# TASK STATEMENT:
Leave out the pictures and transcribe the rest of the records exactly.

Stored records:
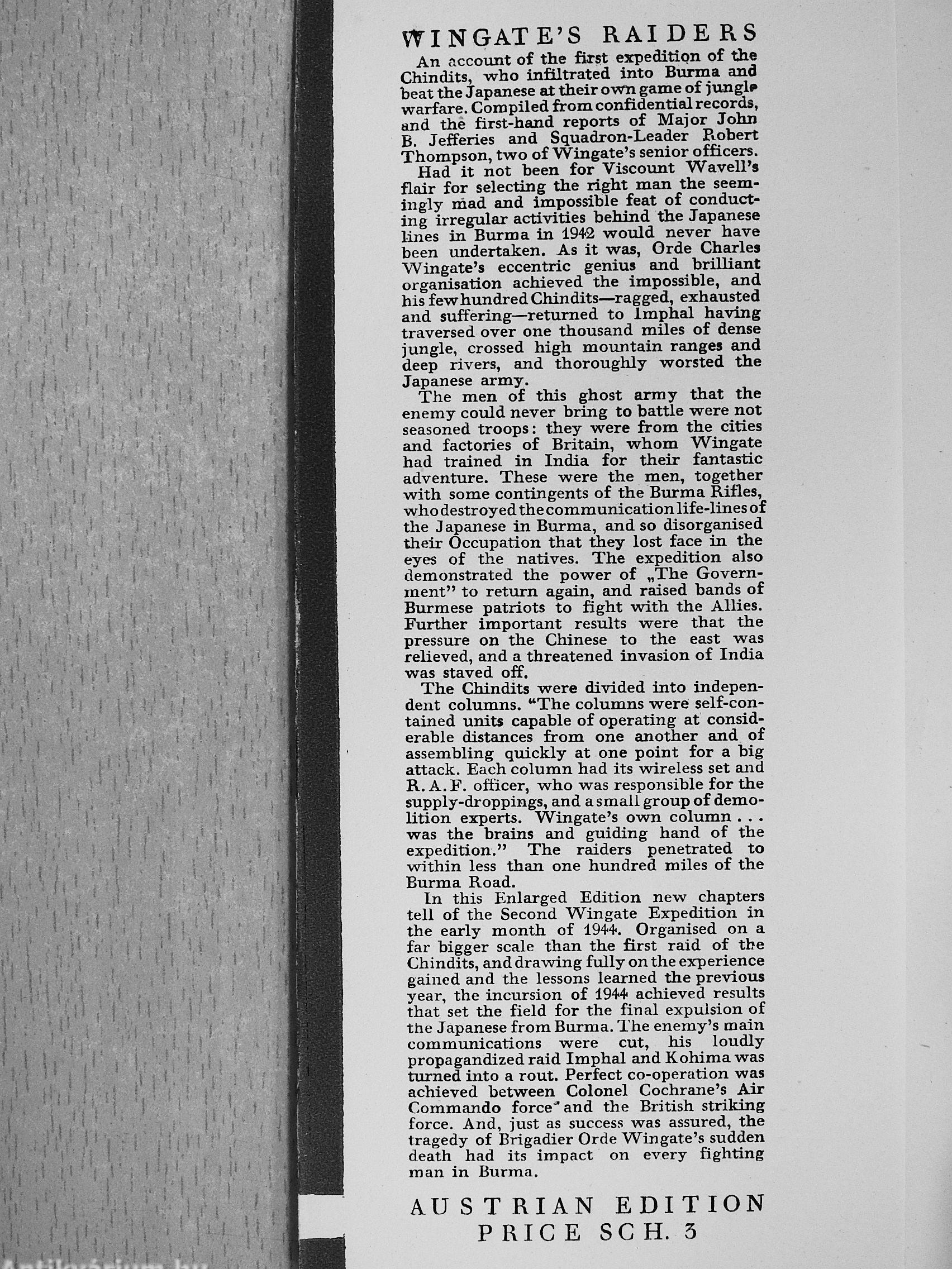 In this Enlarged Edition new chapters tell of the Second Wingate Expedition in the early month of 1944-. Organised on a far bigger scale than the first raid of the Chindits, and drawing fully on the experience gained and the lessons learned the previous year, the incursion of 1944 achieved results that set the field for the final expulsion of the Japanese from Burma. The enemy's main communications were cut, his loudly propagandized raid Imphal and Kohima was turned into a rout. Perfect co-operation was achieved between Colonel Cochrane's Air Commando force''and the British striking force. And, just as success was assured, the tragedy of Brigadier Orde Wingate's sudden death had its impact on every fighting man in Burma.
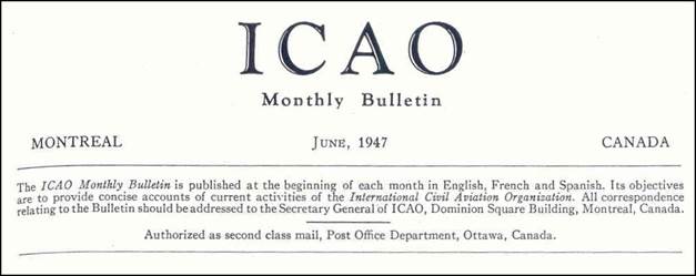 Front page of the first issue of the ICAO Monthly Bulletin (June 1947). |
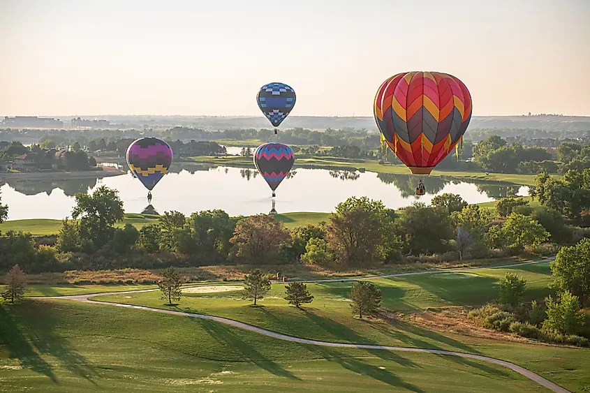 Fahrt mit dem Heißluftballon durch Windsor, Colorado.
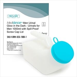 MEN'S GLOW IN THE DARK URINAL, Men 35oz./1000ml with Spill Proof Screw Cap Lid, Plastic Urine Collection Bottles for Men, Urine Container, Men's Portable Urinal Bottle for Travel, Elderly, or Incontinence NWT
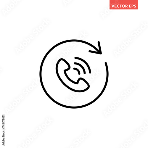 Black single recall line icon, simple call back technology flat design pictogram vector for app logo ads web webpage button ui ux interface elements isolated on white background
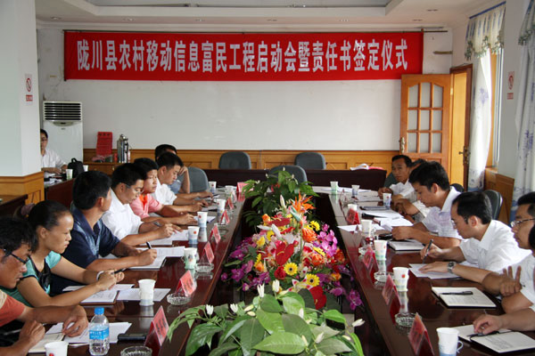 县委常委、副县长李兴庄在讲话中指出农村信息化建设是社会主义新农村建设的重要组成部分。“农村移动信息富民工程”是推进农村信息化进程,促进社会主义新农村建设,提高农村信息化应用水平的惠民工程。各乡镇,相关部门要加强领导,充分认识实施农村移动信息富民工程的重要意义,精心组织,抓好农村移动信息富民工程的具体实施工作。就切实贯彻落实好我县农村移动信息富民工程工作,李副县长要求各乡镇及有关部门一定要按照县政府的统一安排部署,进一步细化、量化工作任务,扎实工作,切实落实好“移动信息富民工程”建设项目,一是各乡镇要加强领导,组织到位,安排专人抓落实;二是作为牵头单位的陇川移动分公司要做好各项宣传培训、服务工作;三是各有关部门要按照部门职责和工作实际积极配合相关工作。
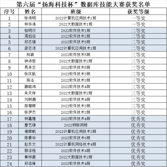 第六届“扬海科技杯”数据库技能大赛已圆满落幕,根据《关于举办第六届扬海科技杯”数据库技能大赛的通知》,经学生自主报名、教研室组织比赛,按照比赛成绩,现将获奖情况予以公示,公示期自2024年6月14日起至6月18日止。
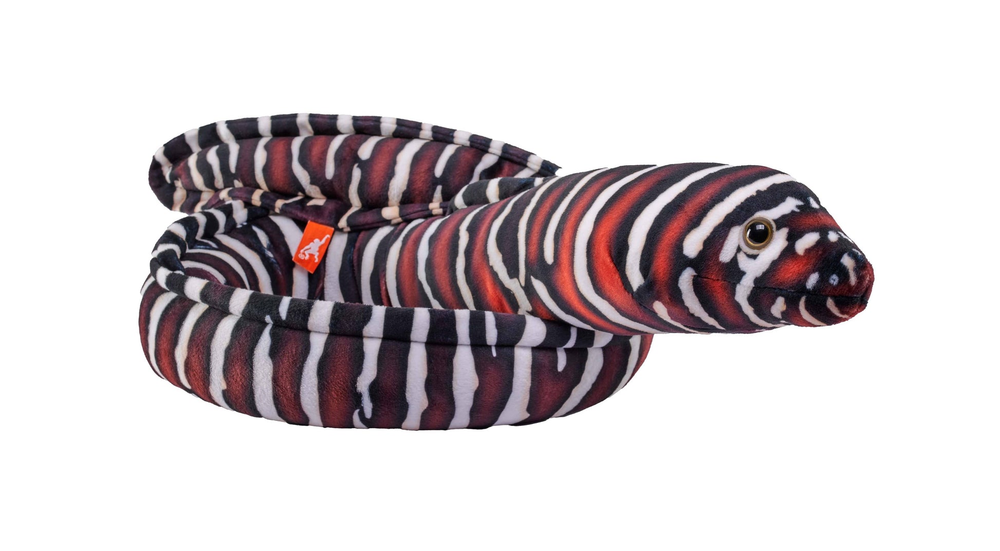 Embark on an underwater adventure with the Living Ocean Zebra Moray Eel plush by Wild Republic. Designed to captivate and educate, this realistic stuffed animal provides a safe and huggable companion for children and adults. With Wild Republic's commitment to quality and nature exploration, it's the perfect choice for young explorers everywhere.
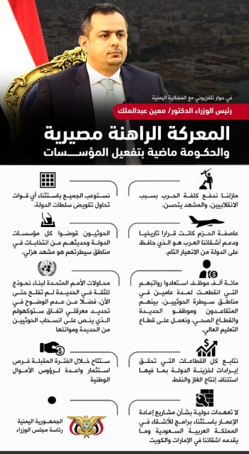 انفوجراف من مقابلة رئيس الوزراء مع قناة اليمن...
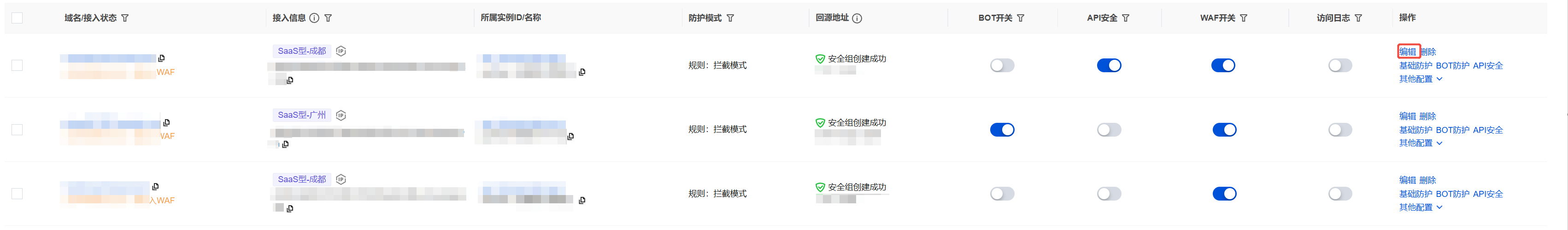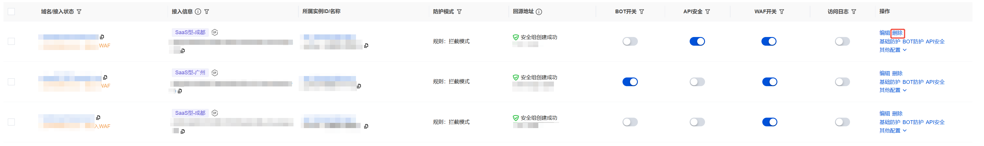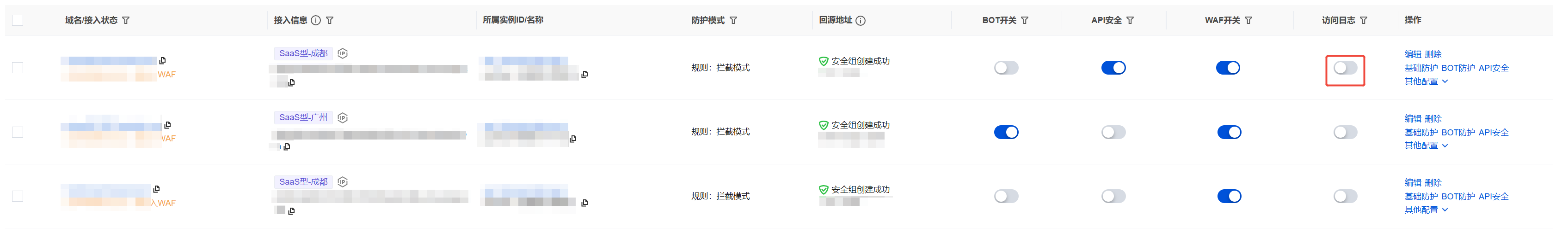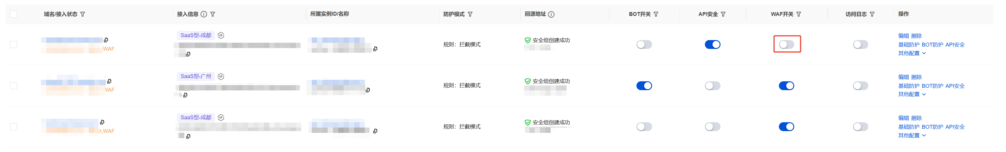 1. 在域名列表页面,单击 WAF 开关下的

# REPLY:
 In this Enlarged Edition new chapters tell of the Second Wingate Expedition in the early month of 1944-. Organised on a far bigger scale than the first raid of the Chindits, and drawing fully on the experience gained and the lessons learned the previous year, the incursion of 1944 achieved results that set the field for the final expulsion of the Japanese from Burma. The enemy's main communications were cut, his loudly propagandized raid Imphal and Kohima was turned into a rout. Perfect co-operation was achieved between Colonel Cochrane's Air Commando force''and the British striking force. And, just as success was assured, the tragedy of Brigadier Orde Wingate's sudden death had its impact on every fighting man in Burma.
 Front page of the first issue of the ICAO Monthly Bulletin (June 1947). |
 Fahrt mit dem Heißluftballon durch Windsor, Colorado.
 MEN'S GLOW IN THE DARK URINAL, Men 35oz./1000ml with Spill Proof Screw Cap Lid, Plastic Urine Collection Bottles for Men, Urine Container, Men's Portable Urinal Bottle for Travel, Elderly, or Incontinence NWT
 Black single recall line icon, simple call back technology flat design pictogram vector for app logo ads web webpage button ui ux interface elements isolated on white background
 县委常委、副县长李兴庄在讲话中指出农村信息化建设是社会主义新农村建设的重要组成部分。“农村移动信息富民工程”是推进农村信息化进程,促进社会主义新农村建设,提高农村信息化应用水平的惠民工程。各乡镇,相关部门要加强领导,充分认识实施农村移动信息富民工程的重要意义,精心组织,抓好农村移动信息富民工程的具体实施工作。就切实贯彻落实好我县农村移动信息富民工程工作,李副县长要求各乡镇及有关部门一定要按照县政府的统一安排部署,进一步细化、量化工作任务,扎实工作,切实落实好“移动信息富民工程”建设项目,一是各乡镇要加强领导,组织到位,安排专人抓落实;二是作为牵头单位的陇川移动分公司要做好各项宣传培训、服务工作;三是各有关部门要按照部门职责和工作实际积极配合相关工作。
 第六届“扬海科技杯”数据库技能大赛已圆满落幕,根据《关于举办第六届扬海科技杯”数据库技能大赛的通知》,经学生自主报名、教研室组织比赛,按照比赛成绩,现将获奖情况予以公示,公示期自2024年6月14日起至6月18日止。
 Embark on an underwater adventure with the Living Ocean Zebra Moray Eel plush by Wild Republic. Designed to captivate and educate, this realistic stuffed animal provides a safe and huggable companion for children and adults. With Wild Republic's commitment to quality and nature exploration, it's the perfect choice for young explorers everywhere.
 انفوجراف من مقابلة رئيس الوزراء مع قناة اليمن...
 1. 在域名列表页面,单击 WAF 开关下的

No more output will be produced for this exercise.